Sin embargo, yo diría que Al-Khamis dialoga con filósofos y narradores árabes y musulmanes de todas las nacionalidades y épocas. Dedica su novela a Wasil ibn Ataa, fundador de los racionalistas mutazilitas en el siglo VIII d.C., y al pensador marroquí del siglo XX Muhammad Abid al-Jabri, que defendió una forma de democracia árabe autóctona con raíces en el concepto de shura, o consulta.

Los viajes de Mazid le conducen finalmente al círculo de discusión de una pensadora y predicadora, Bahaa al-Zaman. A estas alturas de la historia, ya se ha casado con Zahira, una belleza y bailarina chiíta persa descendiente de zoroastrianos, a la que conoció en Bagdad.
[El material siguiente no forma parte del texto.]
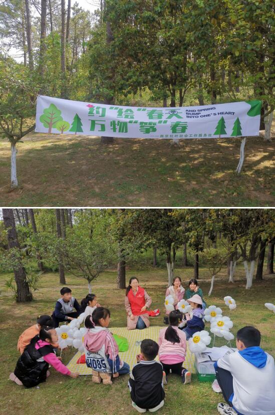 4月15日,南京市江寧區(qū)淳化街道茶崗村新時(shí)代文明實(shí)踐站聯(lián)合紅葉社工,在茶崗村凱進(jìn)園林開展“約‘繪’春天 萬物‘箏’春”戶外主題活動(dòng),帶孩子們走進(jìn)自然,尋找春天。

La arrastra al círculo de discusión del jeque al-Zaman, que no se celebra en la sección de mujeres de la Mezquita Mayor de Córdoba, sino al aire libre, con la asistencia de hombres y mujeres.  
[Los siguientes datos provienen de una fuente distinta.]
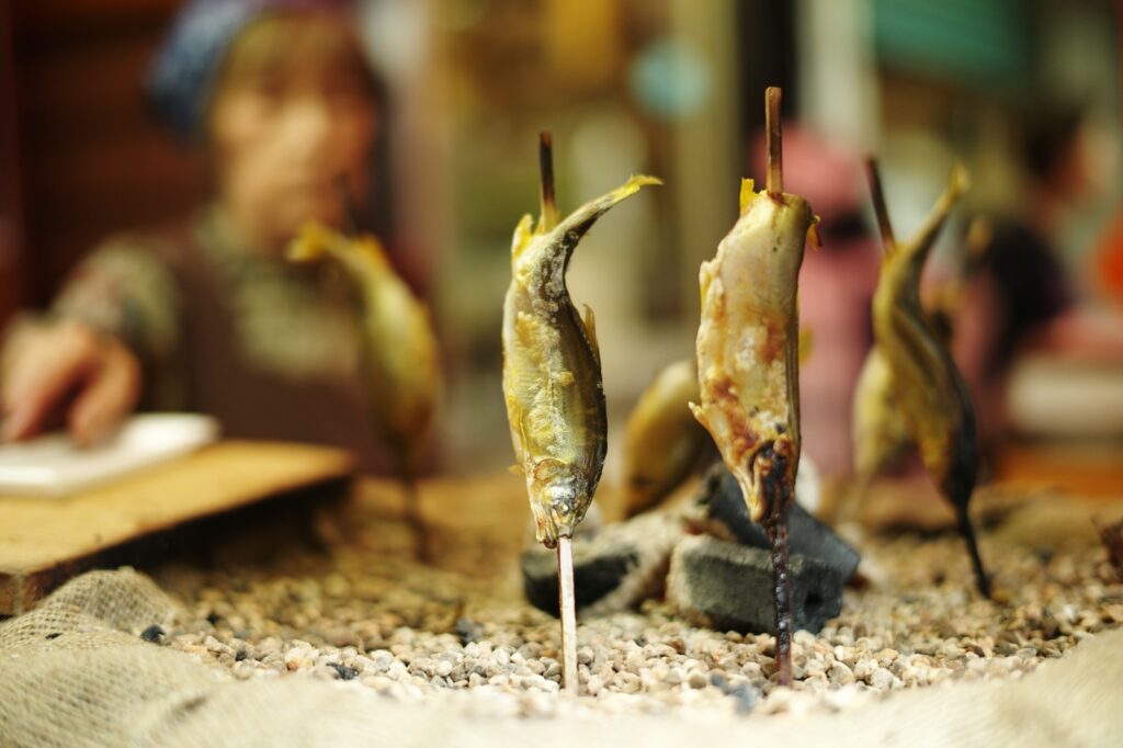 箕面の大滝を眺めながら食べる鮎。美味。

La libertad de espíritu que Mazid y su esposa encuentran con el jeque al-Zaman dura poco, y la novela termina con tristeza. Elias Khoury dice: "La escritura literaria árabe está tatuada por la cárcel", y esa afirmación es válida para El contrabandista de libros. ¿Hay algo más insensato que imaginar que los libros pueden conceder la libertad cuando las ideas que contienen son tan discutidas?

 

Omaima Al-Khamis nació en Riad (Arabia Saudí) en 1966. Escritora prolífica, columnista, crítica, reformadora social y activista por los derechos de la mujer, ha publicado novelas, colecciones de cuentos, artículos de opinión y libros infantiles. El contrabandista de libros, su cuarta novela, ganó la Medalla Naguib Mahfouz de Literatura y fue finalista del Premio Internacional de Narrativa Árabe, ambas bajo el título Masra al-gharaniq fi mudun al-aqiq(El viaje de las grullas sobre las ciudades de ágata). Es su debut editorial en lengua inglesa. Vive en Riad con su marido, sus dos hijos y su hija. 

Sarah Enany es traductora literaria y profesora del Departamento de Inglés de la Universidad de El Cairo.